* [Problem details]:
All lines below starting at the one that holds "磊では「花を活けずとも空間を" and ending at the one that holds "- Запускаем Mi" should be printed exactly, ends included. Pictures should not be printed, nor anything else.

* [Dataset excerpts]:
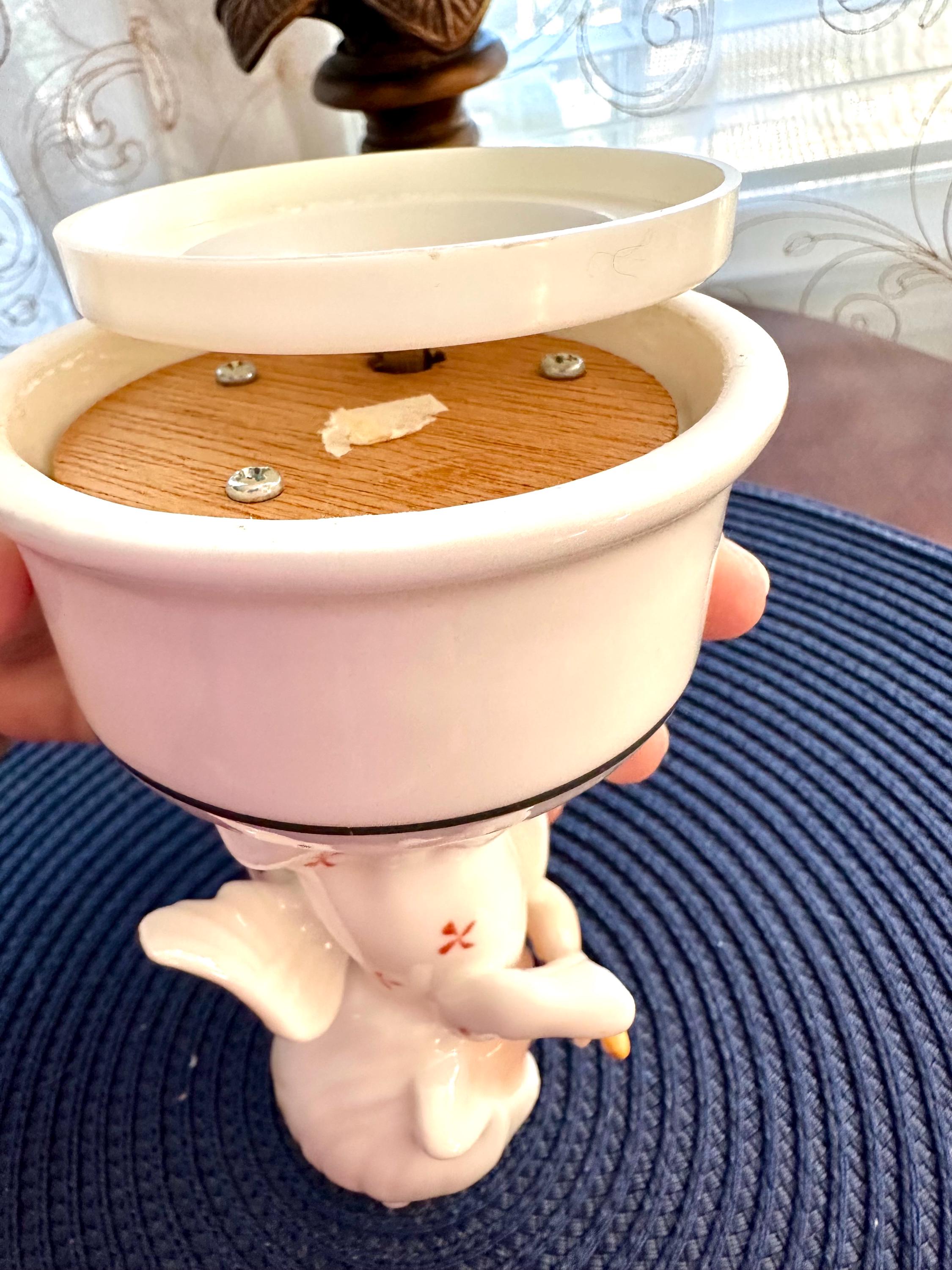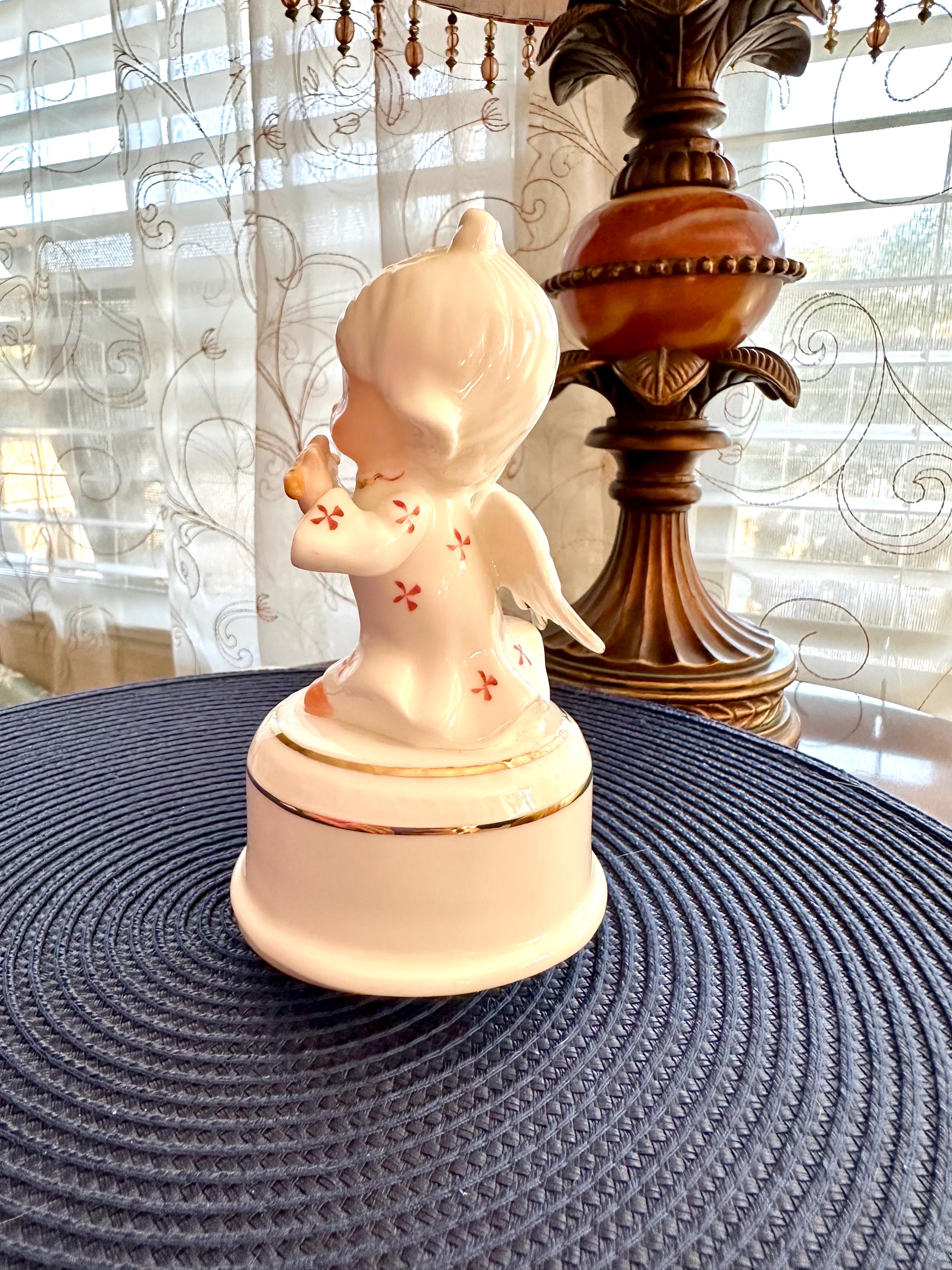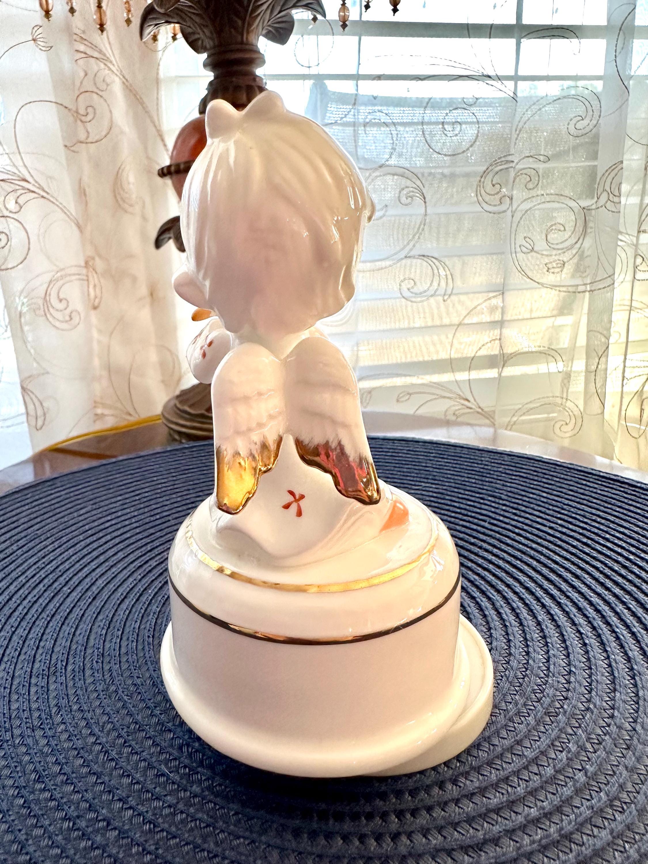 This is a beautiful Christmas angel with the flute music box. I am not familiar with the song she plays but the music box does work. She has delicate wings that are tipped in gold. There is a gold trim on the bottom of the statue. She does not come with the original box. However, we will send her to you with love and care. There are no chips, cracks, crazing or blemishes. Disclaimer The color maybe different due to the lighting or camera. Though we try to reduce and reuse, the cost of additional shipping materials are included in the price. We are not responsible for damages incurred during shipping. As always please contact us if you would like additional pictures or if you have any questions.
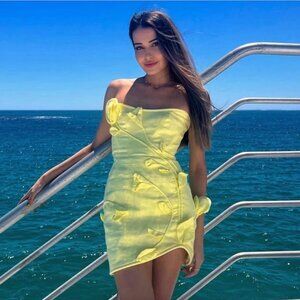 ZIMMERMANN Matchmaker strapless appliquéd linen mini dress US 4
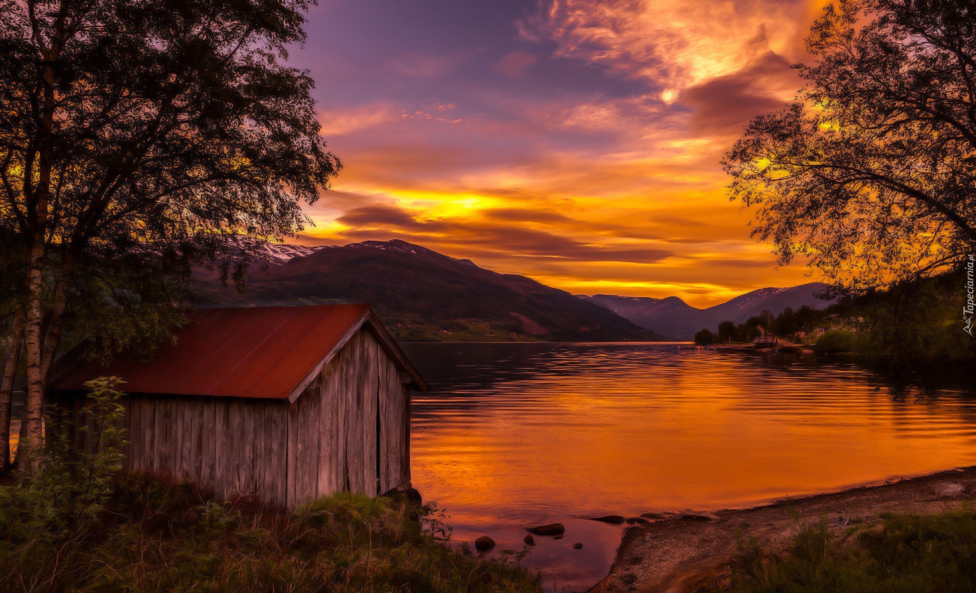 Edytor tapety: Jezioro, Zachód, Słońca, Góry, Drzewa, Szopa
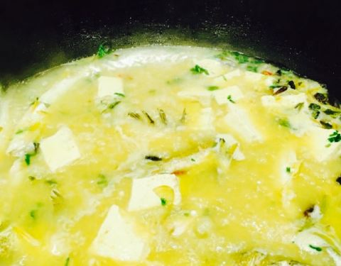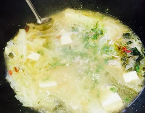 ...话,这玉米饼贴得真心不好看,但味道倒是非常可以,最后再放入粉条和白菜,开锅炖一会儿,就可以吃了
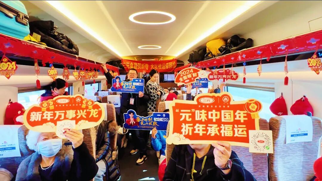 把三元的温暖带回家,车厢内弥漫着幸福的节日氛围,旅途的劳累也随之消散。驰骋在神州大地上的高铁,正在以“加速度”和三元一起,助力亿万高铁乘客奔赴极致的团圆时刻。
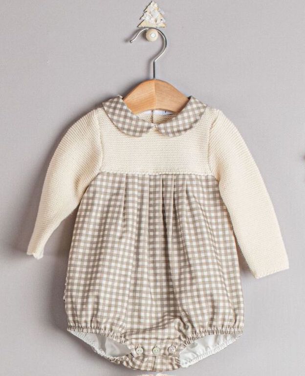 Pelele de punto hueso combinado con tela cuadritos beige y hueso. Lleva botones nácar en la parte atrás y abajo para facilitar el cambio.
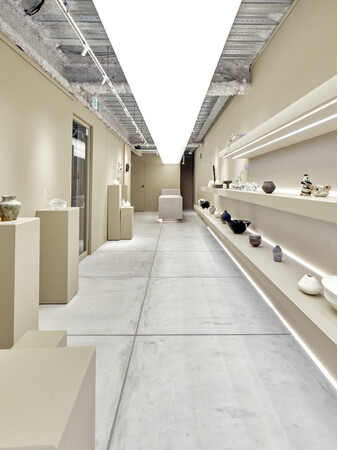 磊では「花を活けずとも空間を引き立てる作品」をコンセプトに、現代作家が生み出す陶磁やガラス、金属など、多様な素材で作られた花器やオブジェが取り扱われています。
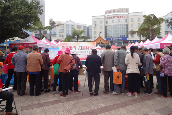 活动现场,工作人员通过悬挂扫黑除恶专项斗争横幅、展出扫黑除恶宣传展板、设立扫黑除恶咨询台、发放扫黑除恶宣传单等形式,向过往群众宣传黑恶势力违法犯罪活动对石屏县长治久安、百姓安居乐业的危害性,讲解12类黑恶势力违法犯罪活动,并公布涉黑涉恶线索举报方式与奖励办法,号召民众关注、支持并参与全民扫黑除恶专项斗争。县计生协会在宣传扫黑除恶相关知识的同时向群众发放了预防艾滋病、流动人口管理、女性生殖健康知识、云南省计划生育条例知识问答等10余种1000多份宣传资料,500个宣传环保袋,活动参与人员众多,宣传效果非常好。
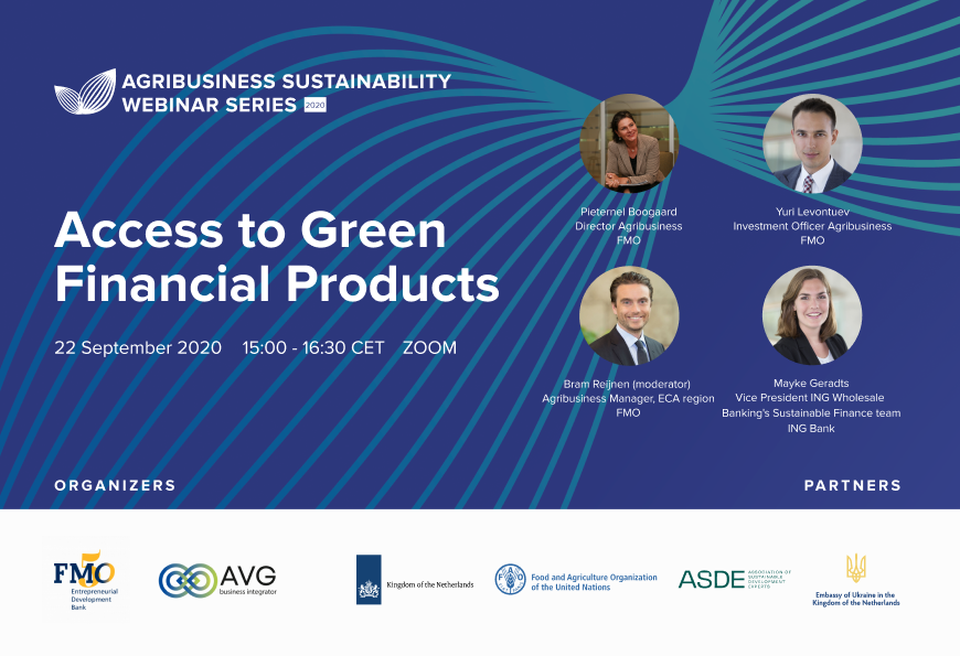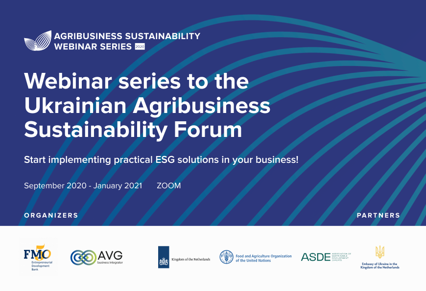 Нідерландський банк розвитку FMO спільно з українською консалтинговою компанією AVG проведуть серію вебінарів зі сталого розвитку агросектору Східної Європи та Середньої Азії. Ціль вебінарів – надати інформацію про «зелені» інвестиційні продукти FMO і міжнародних фінансових організацій, а також про екологічно-соціальні вимоги до їх отримання.
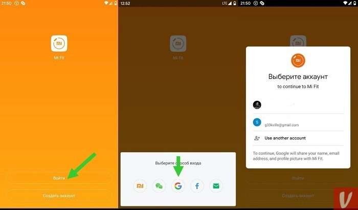 - Запускаем Mi Fit и выбираем способ входа: можно создать аккаунт в самом приложении, либо залогиниться через электронную почту, что проще и быстрее.
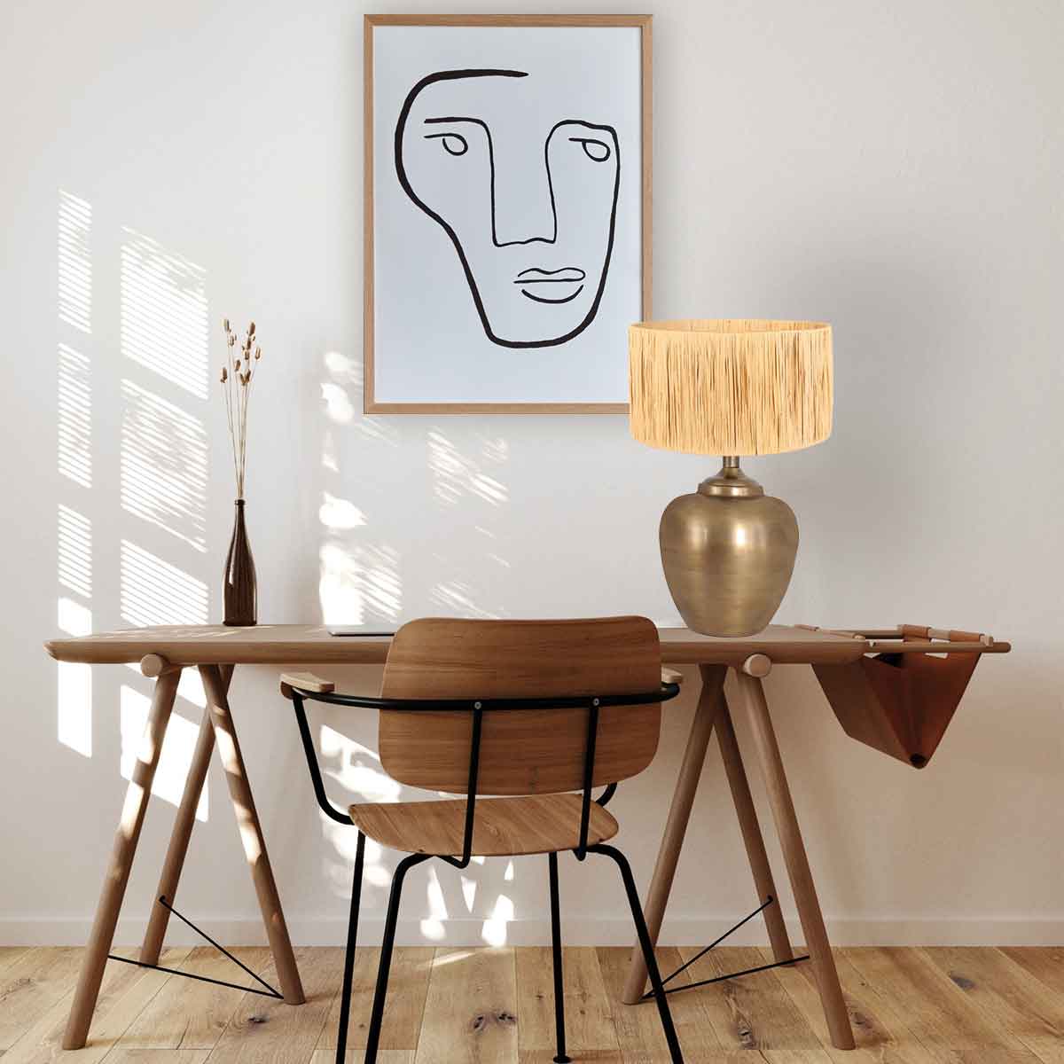 De bolvormige tafellamp uit de Brass-serie van Steinhauer straalt luxe en elegantie uit. De bronzen vaasvormige voet met een hoogte van 39 cm vormt een decoratief statement in elk interieur. Gemaakt van metaal en zeegras, biedt deze tafellamp een unieke combinatie van natuurlijke en klassieke elementen. De bijgeleverde naturel gras kap verspreidt een warme, sfeervolle gloed, waardoor deze lamp perfect is voor gezellige woon- en eetkamers.
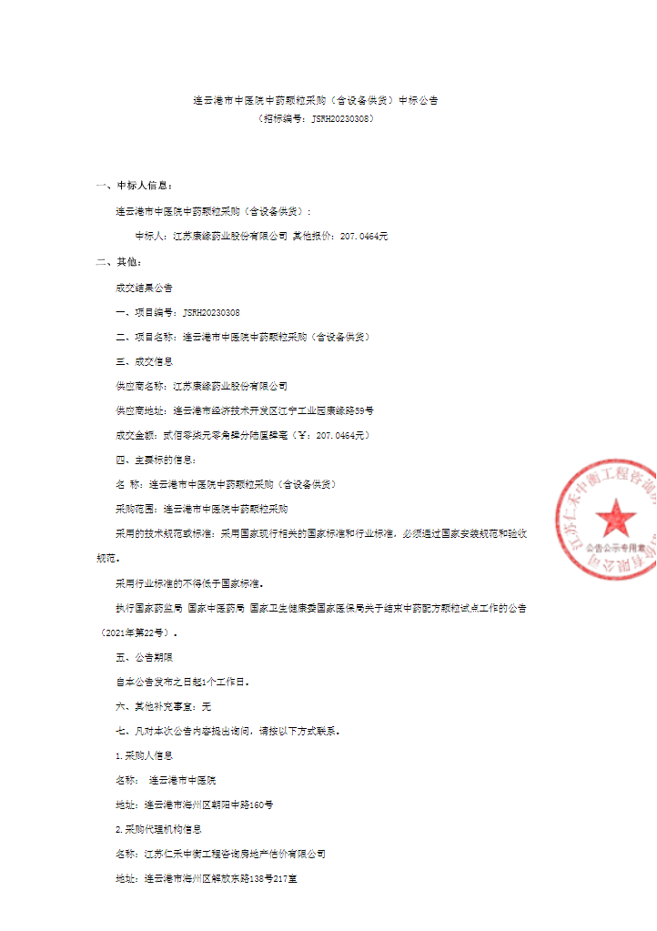 【连云港市中医院】江苏省连云港市中医院中药颗粒采购(含设备供货)中标公告
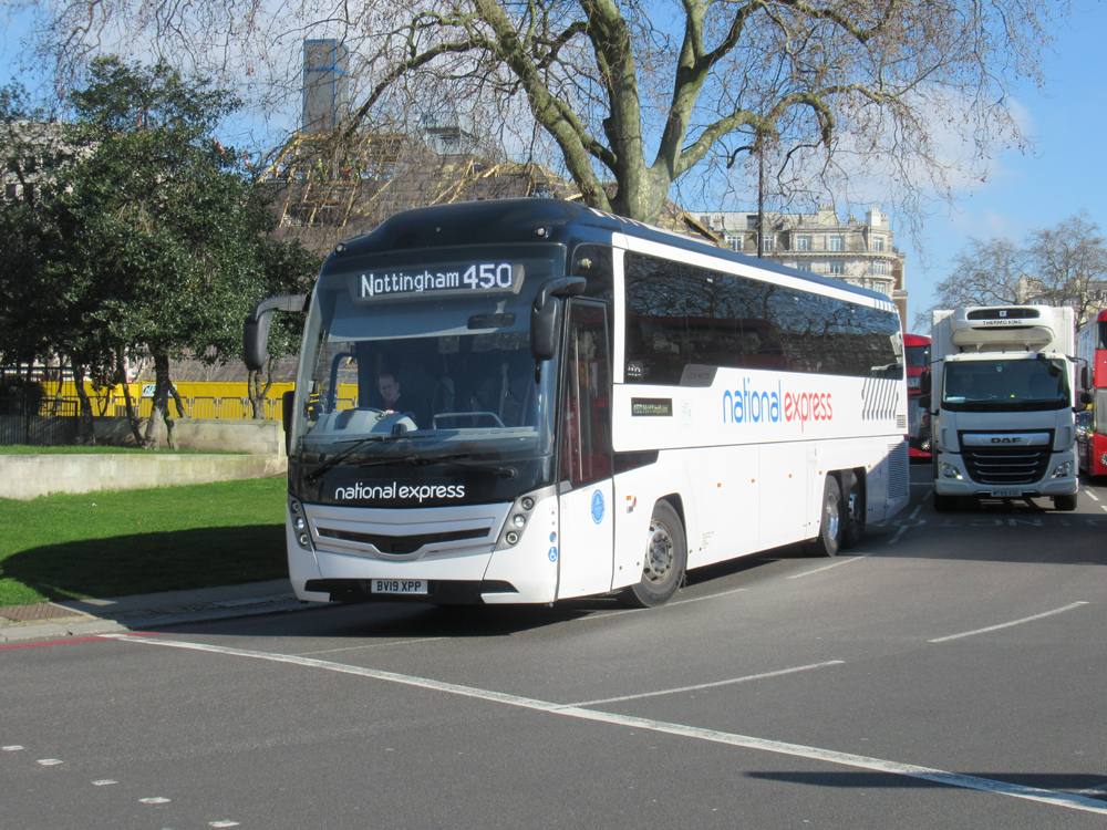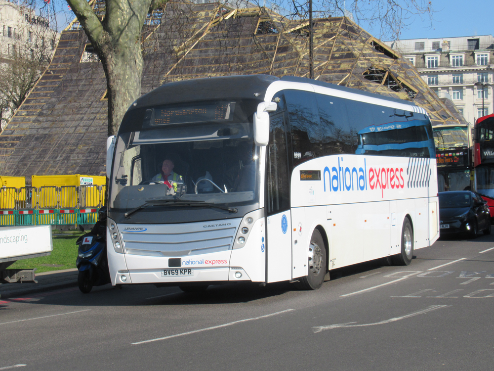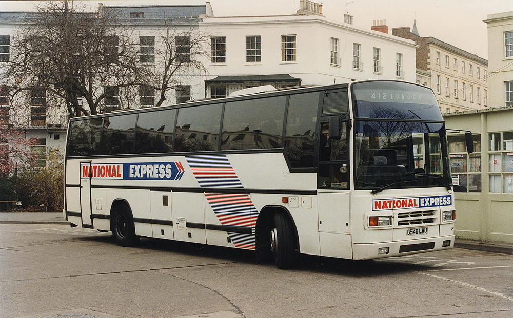 This time a C&D coach in National Express livery at Cheltenham, G548LWU on April

* [Expected answer]:
 磊では「花を活けずとも空間を引き立てる作品」をコンセプトに、現代作家が生み出す陶磁やガラス、金属など、多様な素材で作られた花器やオブジェが取り扱われています。
 活动现场,工作人员通过悬挂扫黑除恶专项斗争横幅、展出扫黑除恶宣传展板、设立扫黑除恶咨询台、发放扫黑除恶宣传单等形式,向过往群众宣传黑恶势力违法犯罪活动对石屏县长治久安、百姓安居乐业的危害性,讲解12类黑恶势力违法犯罪活动,并公布涉黑涉恶线索举报方式与奖励办法,号召民众关注、支持并参与全民扫黑除恶专项斗争。县计生协会在宣传扫黑除恶相关知识的同时向群众发放了预防艾滋病、流动人口管理、女性生殖健康知识、云南省计划生育条例知识问答等10余种1000多份宣传资料,500个宣传环保袋,活动参与人员众多,宣传效果非常好。
 Нідерландський банк розвитку FMO спільно з українською консалтинговою компанією AVG проведуть серію вебінарів зі сталого розвитку агросектору Східної Європи та Середньої Азії. Ціль вебінарів – надати інформацію про «зелені» інвестиційні продукти FMO і міжнародних фінансових організацій, а також про екологічно-соціальні вимоги до їх отримання.
 - Запускаем Mi Fit и выбираем способ входа: можно создать аккаунт в самом приложении, либо залогиниться через электронную почту, что проще и быстрее.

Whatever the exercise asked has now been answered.